Nous devions ensuite revenir à Delhi afin de reprendre un vol le lendemain matin vers Varanesi. Varanesi est une des plus vieilles villes habitées au monde et est, sans contredit, un des endroits les plus sacrés de l’Inde. La ville s’étend le long du Gange et la vieille ville est un labyrinthe de rues et de temples où circulent piétons, moto et vaches. Arrivés à Varanesi, nous avons d’abord marché quelques minutes dans cette ville bondée de monde pour ensuite voir s’ouvrir devant nous le Gange.
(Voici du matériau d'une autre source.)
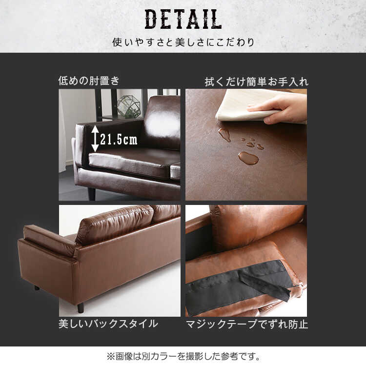 ヴィンテージ風で激安な3人用ソファーは、脚を外してロータイプソファーとしても使用できます。お部屋の圧迫感を軽減できるので、狭いスペースにもおすすめです。また、背面から見ても美しいデザインなので、空間を仕切るようなレイアウトも楽しめます。別カラーもシリーズ展開していますので、是非お好みに合わせてお選び下さい。(※本ページはダークブラウンの販売です。)

Cette rivière, si mythique pour les Indiens, rassemble des milliers de personnes à tous les jours venant s’y purifier en y prenant leur bain ou pour participer à la cérémonie du brûlage des corps. Le long des quelques kilomètres longeant le Gange plusieurs dizaines de « ghâts » s’alignent de par et d’autre de la « ghat » principale où a lieux une cérémonie religieuse animée de musique à tous les soirs. Les ghâts sont en fait des endroits qui ont été aménagés il y a plusieurs années et qui renferment aujourd’hui des symboliques différentes.

L’une des ghâts (Manikarnika) est utilisée pour incinérer les morts. Les familles peuvent transporter leurs morts de n’importe où dans le pays, dans la mesure où ils en ont les moyens, et ils doivent ensuite payer pour le bois, l’huile, la poudre, etc. Le mort est d’abord porter sur une civière, couvert d’étoffes, pour ensuite être trempé dans le Gange pour purifier son âme, puis il est amené sur le bûcher. Le fils le plus âgé doit allumer le feu et laisser le corps brûler jusqu’à ce qu’il se consume complètement (3h-3h30). Le crâne est ensuite brisé afin de libérer l’âme et les cendres laver avec l’eau du Gange. Seuls les hommes de la famille son admis à la cérémonie. Il est particulièrement étonnant de voir la quantité de corps qui y sont brûlé chaque jour et il peut y avoir jusqu'à 5 à 10 feux simultanément. Malgré tout, l’atmosphère n’est pas tellement dramatique, ce qui peut peut-être s’expliquer par le fait que ce soit le cadeau ultime pour un mort dans la religion hindou additionné du fait qu’ils aient une croyance profonde en la réincarnation de l’âme.

Le premier matin de notre arrivée, nous avons fait une balade en bateau sur le Gange au levée du soleil. L’image de cette ville à la lueur du jour est tout à fait sublime. Dès le petit matin, les gens viennent au bord de la rivière afin d’y prendre leur bain, méditer ou faire leur lavage. Les Hindous ont la ferme conviction que l’eau de cette rivière est sacrée et qu’elle a le pouvoir de purifier les âmes, c’est pourquoi plusieurs Indiens gardent de cette eau chez eux ou en boivent un peu chaque jour.

L’endroit est surréel et il y règne une atmosphère toute particulière. Cette ville est certainement l’une des plus atypiques que nous avons eu la chance de visiter.

Tout compte fait, la population du nord s’est avérée moins sympathique que dans le sud. Les gens veulent tirer avantage du tourisme et ce, de toutes les manières possibles, ce qui rend les journées un peu plus exténuantes. Toutefois, la majorité des attraits incontournables s’y retrouvent et c’est aussi dans le nord que nous pouvons vivre l’Inde, telle que nous l’imaginions. Malheureusement, nous avons dû précipiter notre départ vers le Myanmar en raison de la température dans ce pays. Par conséquent, nous quittons le nord avec un sentiment de devoir inachevé et nous devrons certainement y revenir...

Nous sommes maintenant de retour à Delhi et quittons ce soir à 23h10 pour le Myanmar. Merci à Caroline pour cette journée supplémentaire à Delhi….(elle croyait que c’était 11h10 am!).

Fait divers sur l’Inde : Certains hommes plus âgés se teigne les cheveux et la barbe, ce qui rend leur chevelure complètement orangés.